(Excerpts from a dataset)
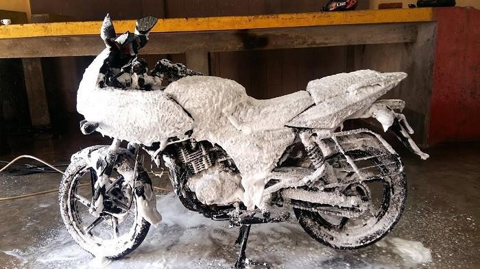 Namun meski menggunakan sampo khusus motor tetap saja bodi motor harus dilap.
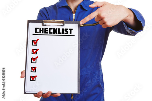 Geschäftsfrau mit Handwerker unterschreibt Auftrag
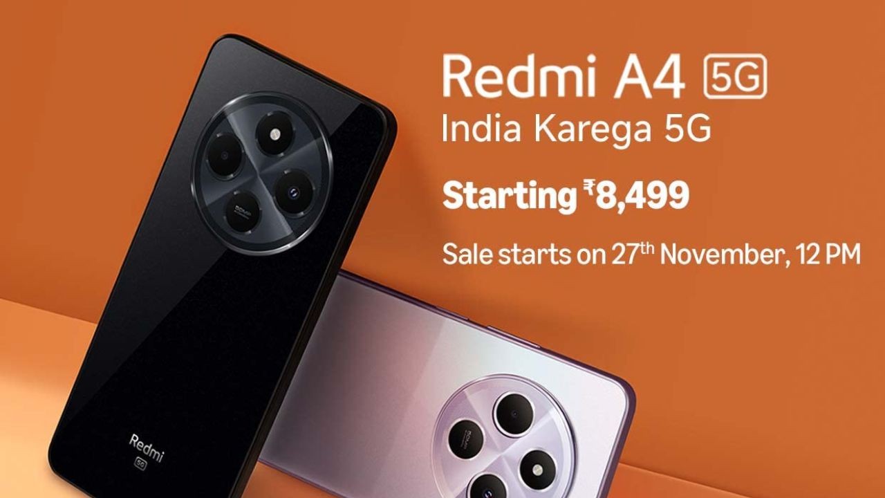 Redmi A4 5G की कीमत 4 जीबी रैम और 64 जीबी स्टोरेज के लिए 8,499 रुपये है. वहीं, इसके 8 जीबी रैम और 64 जीबी स्टोरेज वेरिएंट की कीमत 9,499 रुपये है. यह स्पार्कल पर्पल और स्टाररी ब्लैक कलर ऑप्शन में उपलब्ध कराया जाएगा. इसकी पहली सेल 27 नवंबर को दोपहर 12 बजे आयोजित की जाएगी.
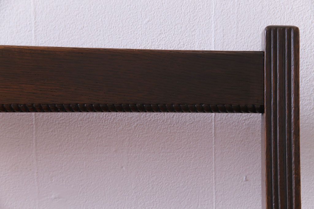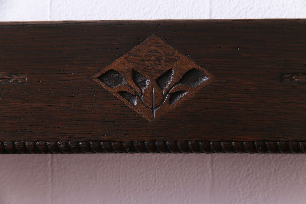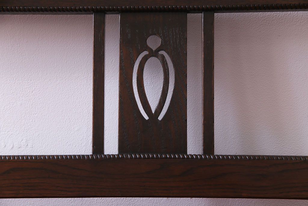アンティーク家具 大正ロマン オーク材 象嵌入り 透かし彫りが上品な木製ソファベンチ(3人掛けソファ)
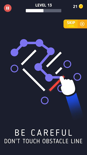 The goal is simple: just try to connect all the dots with only one touch, Be careful don't touch obstacle line.
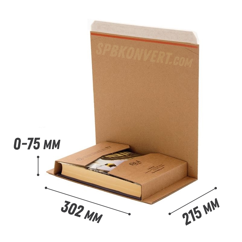 Универсальная упаковка из картона подойдет для малогабаритных товаров: книг, ежедневников, блокнотов, CD/DVD -дисков и т.п. Внутренний размер 302*215*0-75 мм (высота регулируется в диапазоне 0-75 мм). Соответствует формату А4. Коробки сконструированы таким образом, чтобы легко подстраивается под размер упаковываемой посылки по ширине, благодаря предварительно нанесенным линиям сгиба. Это особенно важно, если вы отправляете не одну, а несколько книг. Она без труда заклеивается благодаря предварительно нанесенному сверхпрочному клею, защищенному силиконовой лентой. При получении, вашему клиенту для вскрытия потребуется лишь оторвать перфорированную полосу.
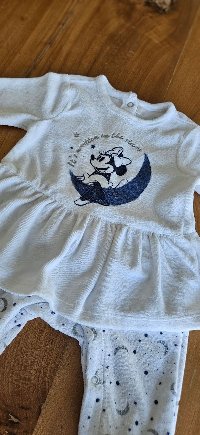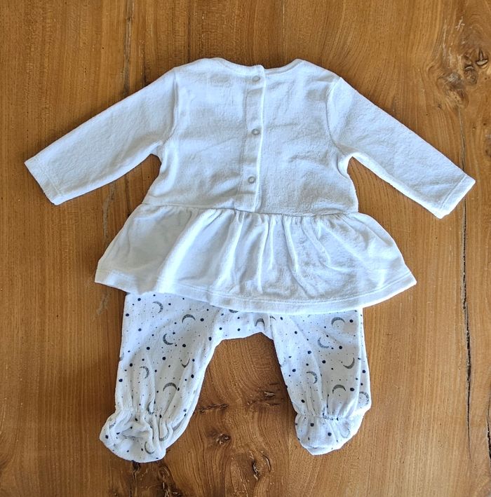 Pyjama chaud 1 pièce bébé fille, blanc. Motifs brodés sur le devant et le pantalon bleu marine et argenté. Ouverture pressionnée dans le dos et à l'entrejambe. Porté mais reste en très bon état. Aucune tâche, ni trou 👌
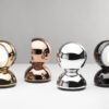 Materiale: Lamine: ottone taglio laser, rame, acciaio inossidabile o acciaio. Schermo superiore: bianco o nero, acciaio tirato, bianco sulla parte inferiore. Telaio: cromato lucido, acciaio taglio laser. Sospensione: cromato lucido placcato, alluminio tirato.
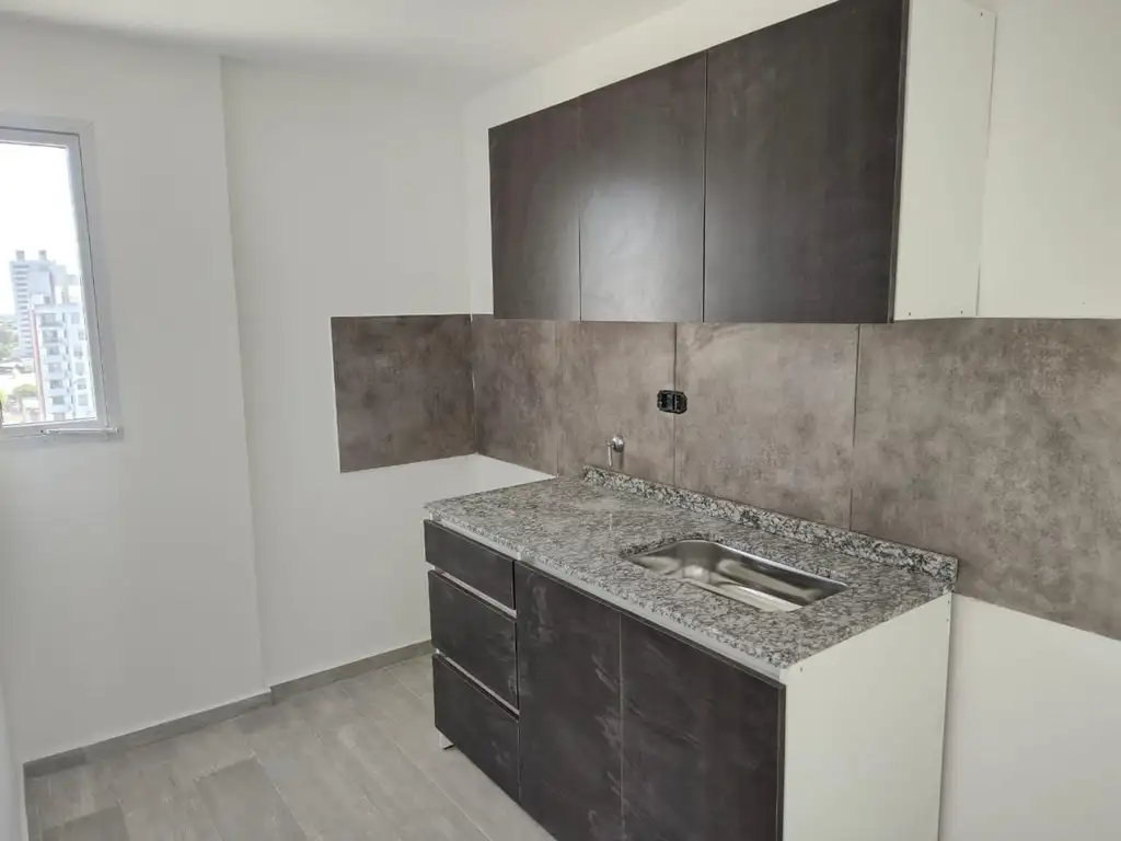 La cocina está sectorizada, en un ambiente de 2.4 x 2.3, mientras que al departamento se ingresa por un living comedor extremadamente cómodo y con salida al balcón.
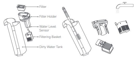 1. Tekan tombol pelepas pada tangki air kotor dan secara bersamaan tarik keluar tangki air kotor; 2. Angkat dan lepaskan dudukan filter di bagian atas tangki air kotor, dan tuangkan sampah dan air kotor di dalam tangki; 3. Lepaskan filter dari dudukan filter, bilas tangki air kotor, filter, dan sensor ketinggian air serta keranjang filter pada dudukan filter sampai bersih. Nota: 1. Sikat pembersih dapat digunakan untuk membantu membersihkan; 2. Saat membersihkan filter, disarankan untuk membuka penutup di bagian bawah filter dan benar-benar bersih dan udara kering untuk menghindari bau; 3. Sensor ketinggian air harus dibersihkan secara teratur untuk menghindari noda yang menempel yang dapat mempengaruhi keakuratan deteksi. 4. Pasang filter, keranjang penyaring, dan dudukan filter tangki air kotor kembali ke jalur semula, lalu pasang kembali tangki air kotor ke ruang hampa. Ketika Anda mendengar suara "klik", itu menunjukkan bahwa instalasi sudah ada.
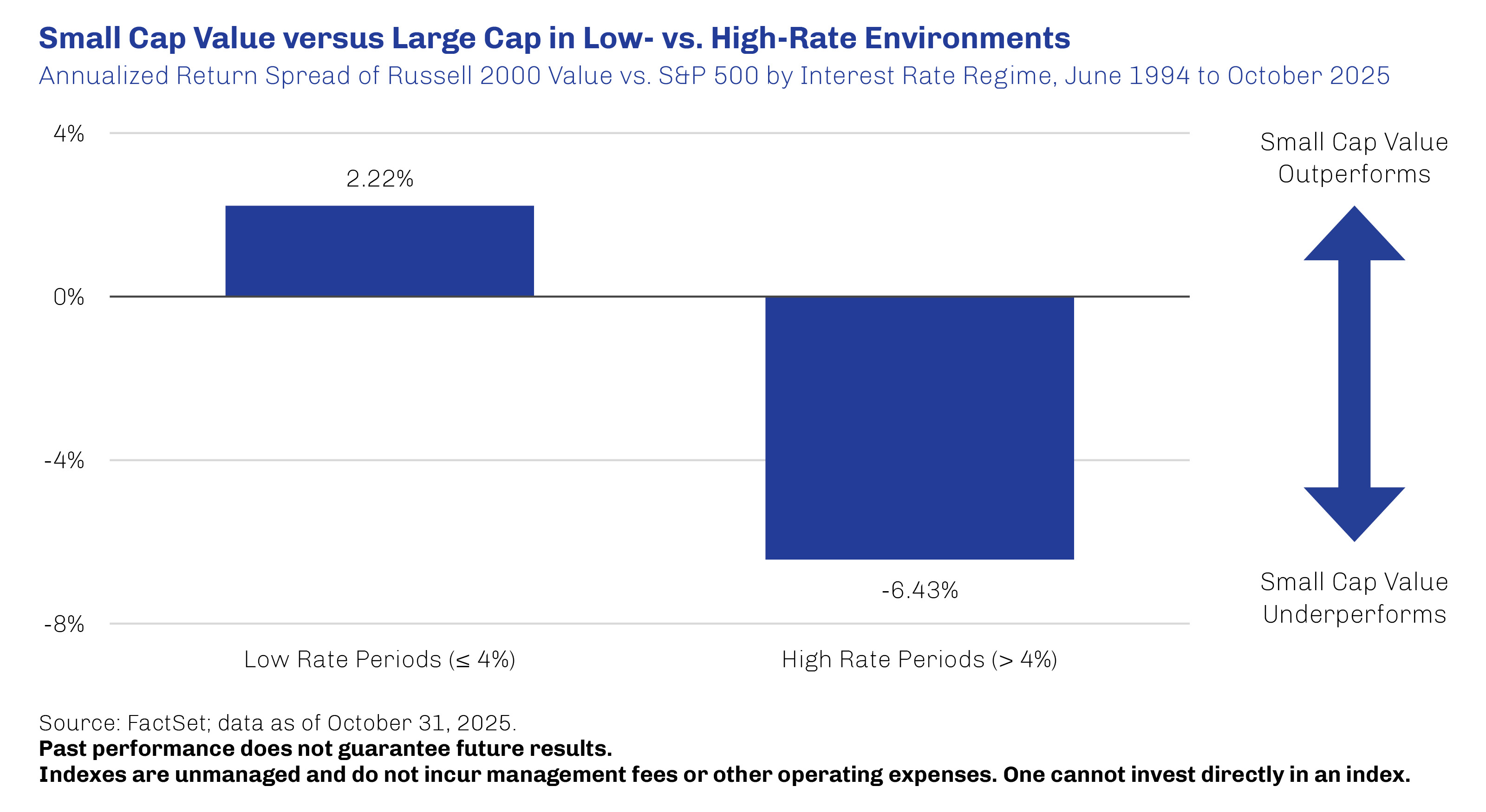 Historical data show that when interest rates are at or below 4%, small cap value stocks outperform large caps by an average of just over 2% annually. In contrast, when rates rise above 4%, we see small cap lag by over 6% annually.2
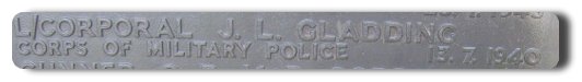 | Notes: | CMP. He was born in London NW and resided in London N. 108 Pro Coy War Diary WO166/5907 12/7/1940 Sgt Rowe reported and accident to Gladding at Maidstone whilst riding a motorcycle on a road recce. 13/7/1940 OC to Maidstone to make arrangements for enquiry into death of L/Cpl Gladding killed as a result of a motor cycle accident 12/7/1940. Casualty List 273/55, Home, died as a result of a accident, 76, 13/7/1940. Medal card not found. James Leonard Gladding. Extract from Sevenoaks Chronicle and Kentish Advertiser, 19/7/40. Military Policeman Killed at Wrotham. Lance Corporal J L Gladding, of the Corps of Military Police, was fatally injured on Friday when his motorcycle collided with a keep left pylon on the Maidstone - Sevenoaks road at Wrotham. Lance Corporal Gladding was the fourth in line of a section of motorcyclists which turned into the road from the main road, and the only explanation for the accident which was advanced at the inquest at Maidstone on Monday was given by Sgt J Rowe, the section leader, who said "the only thing I can possibly think of is that something went wrong with the machine." The Coroner Mr C P Whitehead, returning a verdict of "Accidental Death," said that although it was obvious that a third party could be responsible, the evidence threw no light on shy he failed to avoid the pylon. |
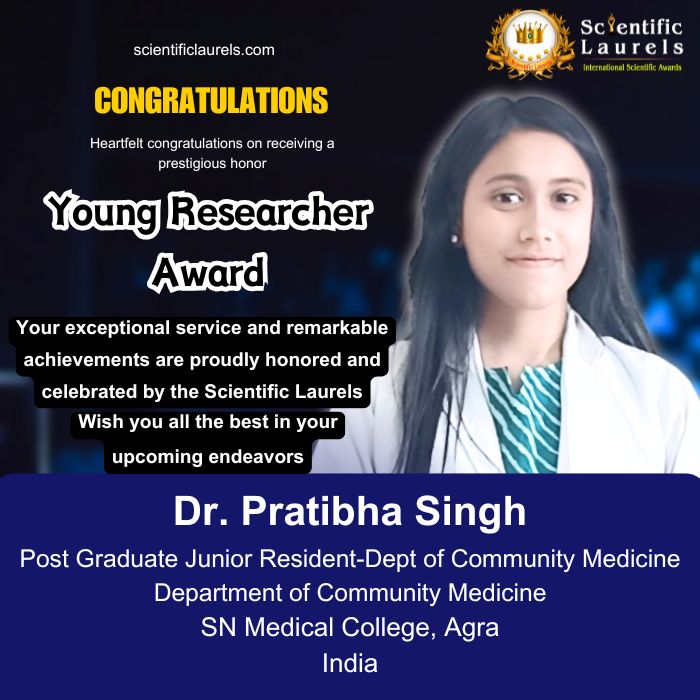 Dr. Pratibha Singh is highly eligible for the Young Researcher Award in Scientific Laurels due to her early and impactful engagement in public health research, multiple peer-reviewed publications, authorship of a scholarly book, and national-level academic recognition by the National Medical Commission. Her consistent involvement in CME programs, workshops, and interdisciplinary training, combined with active community service and research excellence, demonstrates exceptional promise, originality, and leadership as an emerging researcher in Community Medicine and Public Health.

[PROBLEM] Give every entry above again, exactly, and keep all pictures out of it.

[ANSWER SECTION]
 Namun meski menggunakan sampo khusus motor tetap saja bodi motor harus dilap.
 Geschäftsfrau mit Handwerker unterschreibt Auftrag
 Redmi A4 5G की कीमत 4 जीबी रैम और 64 जीबी स्टोरेज के लिए 8,499 रुपये है. वहीं, इसके 8 जीबी रैम और 64 जीबी स्टोरेज वेरिएंट की कीमत 9,499 रुपये है. यह स्पार्कल पर्पल और स्टाररी ब्लैक कलर ऑप्शन में उपलब्ध कराया जाएगा. इसकी पहली सेल 27 नवंबर को दोपहर 12 बजे आयोजित की जाएगी.
アンティーク家具 大正ロマン オーク材 象嵌入り 透かし彫りが上品な木製ソファベンチ(3人掛けソファ)
 The goal is simple: just try to connect all the dots with only one touch, Be careful don't touch obstacle line.
 Универсальная упаковка из картона подойдет для малогабаритных товаров: книг, ежедневников, блокнотов, CD/DVD -дисков и т.п. Внутренний размер 302*215*0-75 мм (высота регулируется в диапазоне 0-75 мм). Соответствует формату А4. Коробки сконструированы таким образом, чтобы легко подстраивается под размер упаковываемой посылки по ширине, благодаря предварительно нанесенным линиям сгиба. Это особенно важно, если вы отправляете не одну, а несколько книг. Она без труда заклеивается благодаря предварительно нанесенному сверхпрочному клею, защищенному силиконовой лентой. При получении, вашему клиенту для вскрытия потребуется лишь оторвать перфорированную полосу.
 Pyjama chaud 1 pièce bébé fille, blanc. Motifs brodés sur le devant et le pantalon bleu marine et argenté. Ouverture pressionnée dans le dos et à l'entrejambe. Porté mais reste en très bon état. Aucune tâche, ni trou 👌
 Materiale: Lamine: ottone taglio laser, rame, acciaio inossidabile o acciaio. Schermo superiore: bianco o nero, acciaio tirato, bianco sulla parte inferiore. Telaio: cromato lucido, acciaio taglio laser. Sospensione: cromato lucido placcato, alluminio tirato.
 La cocina está sectorizada, en un ambiente de 2.4 x 2.3, mientras que al departamento se ingresa por un living comedor extremadamente cómodo y con salida al balcón.
 1. Tekan tombol pelepas pada tangki air kotor dan secara bersamaan tarik keluar tangki air kotor; 2. Angkat dan lepaskan dudukan filter di bagian atas tangki air kotor, dan tuangkan sampah dan air kotor di dalam tangki; 3. Lepaskan filter dari dudukan filter, bilas tangki air kotor, filter, dan sensor ketinggian air serta keranjang filter pada dudukan filter sampai bersih. Nota: 1. Sikat pembersih dapat digunakan untuk membantu membersihkan; 2. Saat membersihkan filter, disarankan untuk membuka penutup di bagian bawah filter dan benar-benar bersih dan udara kering untuk menghindari bau; 3. Sensor ketinggian air harus dibersihkan secara teratur untuk menghindari noda yang menempel yang dapat mempengaruhi keakuratan deteksi. 4. Pasang filter, keranjang penyaring, dan dudukan filter tangki air kotor kembali ke jalur semula, lalu pasang kembali tangki air kotor ke ruang hampa. Ketika Anda mendengar suara "klik", itu menunjukkan bahwa instalasi sudah ada.
 Historical data show that when interest rates are at or below 4%, small cap value stocks outperform large caps by an average of just over 2% annually. In contrast, when rates rise above 4%, we see small cap lag by over 6% annually.2
 | Notes: | CMP. He was born in London NW and resided in London N. 108 Pro Coy War Diary WO166/5907 12/7/1940 Sgt Rowe reported and accident to Gladding at Maidstone whilst riding a motorcycle on a road recce. 13/7/1940 OC to Maidstone to make arrangements for enquiry into death of L/Cpl Gladding killed as a result of a motor cycle accident 12/7/1940. Casualty List 273/55, Home, died as a result of a accident, 76, 13/7/1940. Medal card not found. James Leonard Gladding. Extract from Sevenoaks Chronicle and Kentish Advertiser, 19/7/40. Military Policeman Killed at Wrotham. Lance Corporal J L Gladding, of the Corps of Military Police, was fatally injured on Friday when his motorcycle collided with a keep left pylon on the Maidstone - Sevenoaks road at Wrotham. Lance Corporal Gladding was the fourth in line of a section of motorcyclists which turned into the road from the main road, and the only explanation for the accident which was advanced at the inquest at Maidstone on Monday was given by Sgt J Rowe, the section leader, who said "the only thing I can possibly think of is that something went wrong with the machine." The Coroner Mr C P Whitehead, returning a verdict of "Accidental Death," said that although it was obvious that a third party could be responsible, the evidence threw no light on shy he failed to avoid the pylon. |
 Dr. Pratibha Singh is highly eligible for the Young Researcher Award in Scientific Laurels due to her early and impactful engagement in public health research, multiple peer-reviewed publications, authorship of a scholarly book, and national-level academic recognition by the National Medical Commission. Her consistent involvement in CME programs, workshops, and interdisciplinary training, combined with active community service and research excellence, demonstrates exceptional promise, originality, and leadership as an emerging researcher in Community Medicine and Public Health.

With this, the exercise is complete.